Session 5. AI policy landscape


This session will provide an overview of the AI policy landscape, covering national and non-governmental initiatives. Governments and a range of institutions are holding national consultations on opportunities and challenges associated with AI and developing national AI-related strategies that often intersect with robotics. Stakeholders from the private sector, research communities, civil society and trade unions are actively examining AI-related issues. For example, some of the most active AI companies have engaged in a Partnership on Artificial Intelligence to benefit people and society; the IEEE Standards Association has created the “Global Initiative for Ethical Considerations in the Design of Autonomous Systems”; and AI-focused foundations and institutions are developing. The discussion will begin to identify commonalities and differences between value sets to help technologists design AI systems compatible with societal norms.
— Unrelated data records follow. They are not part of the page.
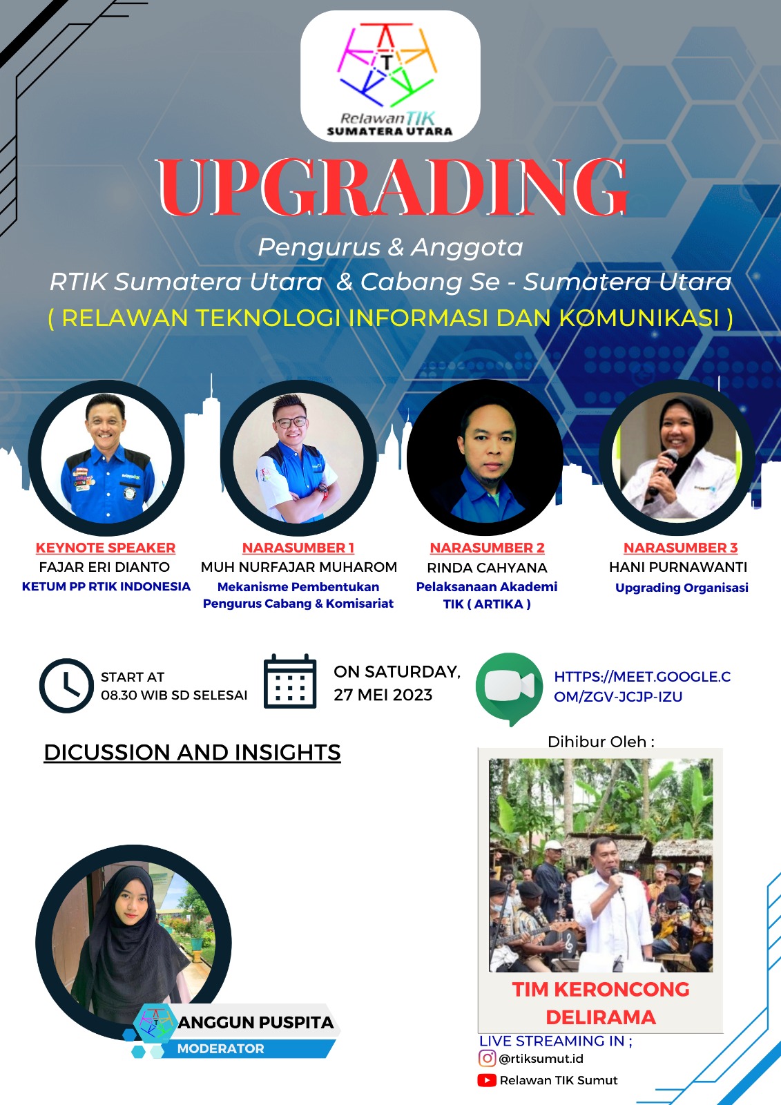 Pengurus Wilayah Relawan Teknologi Informasi Komunikasi Provinsi Sumatera Utara (RTIK SUMUT) akan menyelenggarakan upgrading dengan tema “Relawan Muda : Semakin Digital dan Peduli Budaya Bangsa” . Acara akan digelar secara daring melalui platform Google Meeting pada Sabtu, 27 Mei 2023, pukul 08.00 – 17.00 WIB.
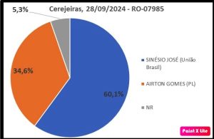 A nova amostragem, realizada pelo Instituto Haverroth de Política, Estatística e Comunicação (IHPEC), aponta Sinésio José (União Brasil) com 60,1% das intenções de voto, uma vantagem significativa sobre seu principal concorrente, Airton Gomes (PL), que aparece com 34,6%. Os eleitores indecisos ou que não responderam somam 5,3%. Na pesquisa, o IHPEC perguntou: Se as eleições fossem hoje, em quem você votaria para prefeito de Cerejeiras?
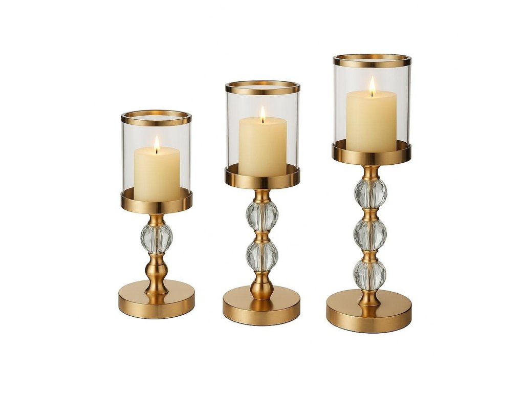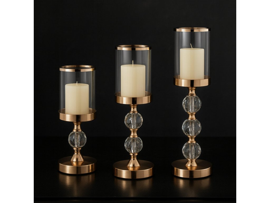 Dokonalý dekorativní prvek, který v místnosti vytváří příjemnou atmosféru. Každý svícen má zrcadlové vložky, které zesilují světlo hořících svíček, a dekorativní krystaly pro dekorativní účel. Pevná základna zabraňuje převrácení svícnu a pěnové dno zabraňuje poškrábání povrchu nábytku. Svícny se perfektně hodí jako dekorace do svatební síně nebo na hostinu.
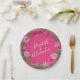 Bright Pink Floral Wedding Paper Plate
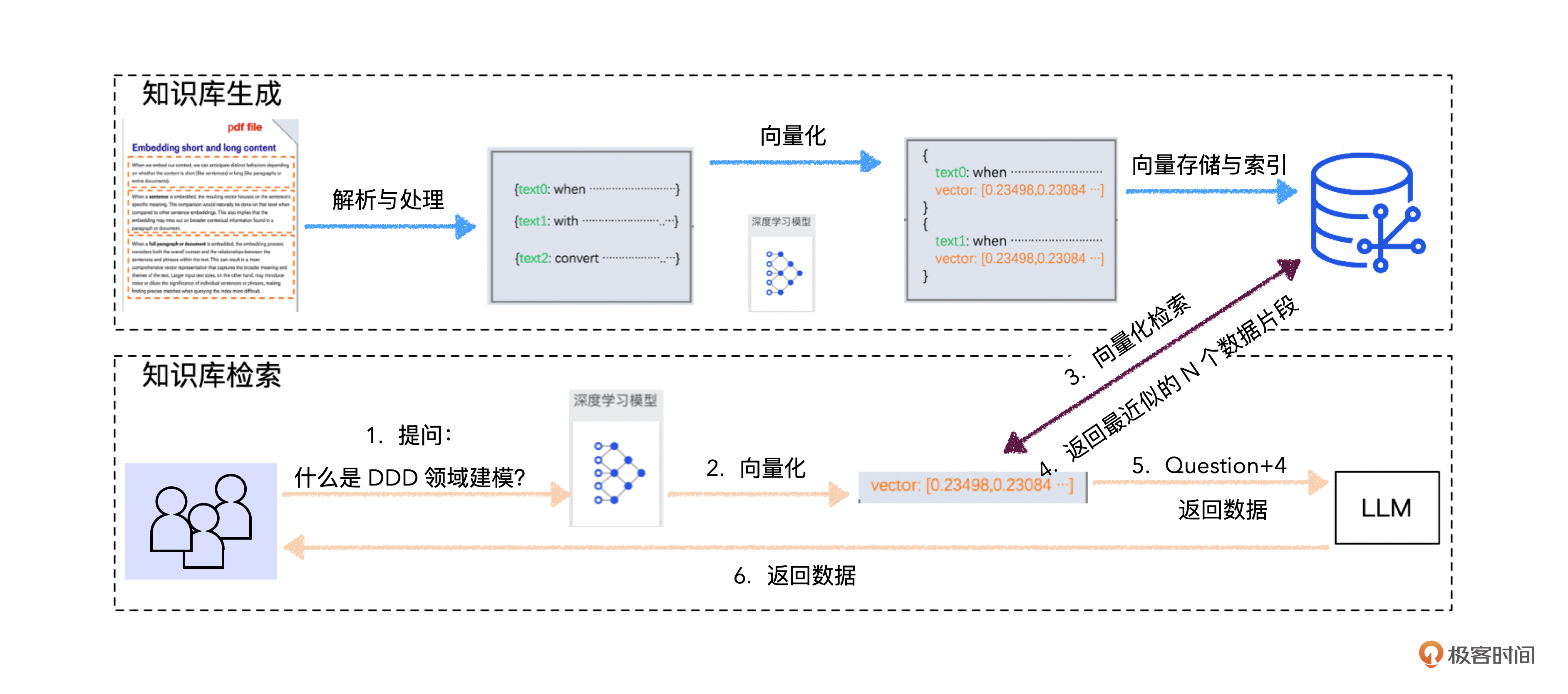 虽然图上的内容不少,但大致来看,搭建、使用基于RAG的知识库一共有4步。
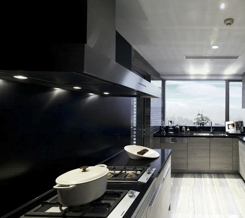繞過餐桌,即見獨(dú)立U形廚房,充分參考人體工程學(xué),配備世界TOP廚電品牌。昂貴的Gaggenau嘉格納八件套(抽煙機(jī)、3燃?xì)忸^的燃?xì)庠?、冰箱、帶消毒功能洗碗柜、蒸烤爐一體機(jī)、酒柜、咖啡機(jī))、國際櫥柜品牌及人性化配置(廚房空調(diào)),帶來奢華的享受

Friday 27 October: Public policy considerations raised by AI

Session 6. Employment and skills


AI will generate new jobs and occupations. But it is also expected to create challenges for employment by replacing human labour and eliminating some occupations, not just in low-skilled work but also in highly-skilled professions such as radiology (e.g. with advances in image and pattern recognition). This session will discuss the types and numbers of jobs vulnerable to replacement by AI. It will look into risks of increasing unemployment and earnings inequality, new needs for skills development and training, and the role of governments and public policy. 
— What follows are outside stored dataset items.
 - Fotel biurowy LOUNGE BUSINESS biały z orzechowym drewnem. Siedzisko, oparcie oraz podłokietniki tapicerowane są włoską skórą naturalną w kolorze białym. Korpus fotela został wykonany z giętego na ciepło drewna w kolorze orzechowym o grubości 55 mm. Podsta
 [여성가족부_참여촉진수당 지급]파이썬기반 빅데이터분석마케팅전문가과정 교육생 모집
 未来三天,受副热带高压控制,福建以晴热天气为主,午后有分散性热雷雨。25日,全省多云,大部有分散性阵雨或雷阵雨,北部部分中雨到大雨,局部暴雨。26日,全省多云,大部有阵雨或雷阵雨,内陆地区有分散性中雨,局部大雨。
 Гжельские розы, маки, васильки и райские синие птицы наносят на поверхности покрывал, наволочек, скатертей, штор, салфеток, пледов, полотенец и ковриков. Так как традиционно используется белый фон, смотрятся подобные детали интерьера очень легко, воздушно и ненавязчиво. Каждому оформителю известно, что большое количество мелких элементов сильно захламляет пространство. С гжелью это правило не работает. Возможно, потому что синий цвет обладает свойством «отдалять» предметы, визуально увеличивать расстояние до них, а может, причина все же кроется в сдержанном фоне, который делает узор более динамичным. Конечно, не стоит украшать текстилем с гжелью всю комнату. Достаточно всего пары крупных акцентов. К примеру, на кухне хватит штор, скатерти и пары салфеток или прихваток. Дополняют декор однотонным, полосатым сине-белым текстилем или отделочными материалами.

Session 7. Safety, responsibility and liability


AI-driven automated decision-making raises questions of safety, responsibility and liability, for example when accidents involve autonomous vehicles. This session will discuss responsibility for AI-powered decisions and the respective roles of actors such as AI software developer, hardware provider, owner, driver/passenger etc. It will examine the applicability of existing mechanisms such as insurance to deal with uncertain risks and whether legal clarification is called for.

Session 8. Privacy and security


Data generated by users, consumers and businesses train machine learning algorithms, which require vast amounts of data to recognise patterns efficiently. This session will examine how machine learning approaches combined with ever-increasing amounts of personal data affect the concepts of privacy and consent and what actions are needed to help guide AI developments towards social goals. The session will also discuss new security risks linked to misuse of AI through negligence or malice, for example of malware abusing an AI network system or an autonomous weapon.
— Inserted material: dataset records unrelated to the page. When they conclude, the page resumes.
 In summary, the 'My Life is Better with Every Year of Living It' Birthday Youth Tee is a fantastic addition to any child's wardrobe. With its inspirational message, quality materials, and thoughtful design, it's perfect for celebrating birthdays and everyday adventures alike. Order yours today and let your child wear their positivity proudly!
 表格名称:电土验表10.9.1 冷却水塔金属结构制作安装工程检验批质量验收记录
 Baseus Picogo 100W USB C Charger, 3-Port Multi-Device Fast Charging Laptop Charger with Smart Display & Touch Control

Session 9. Transparency, oversight and ethics


This session will examine how to ensure that AI-powered decisions that impact people are fair, transparent and accountable while preserving legitimate commercial confidentiality and productivity. Issues are already manifest in critical areas such as determining priorities in hospital line-of-care, autonomous vehicle emergency responses, criminal risk-profiling and preventive policing, and access to credit and insurance. The session will also provide an opportunity to discuss:

  • public acceptance of AI
  • risks of algorithms amplifying social biases and discrimination
  • the growing difficulty of understanding AI algorithm decisions
  • the role of new technologies that can provide rationale for an algorithm’s decision
  • respective stakeholder roles
  • cost considerations for developing and implementing algorithmic accountability solutions at scale. 

Session 10. Wrap-up and next steps


This session will explore the AI governance landscape and the respective roles of industry self-regulation, policy interventions, multi-stakeholder co-operation, and international dialogue. It will consider the degree to which existing digital economy policy principles could help address new challenges presented by AI or need adapting and discuss the role of international co-operation.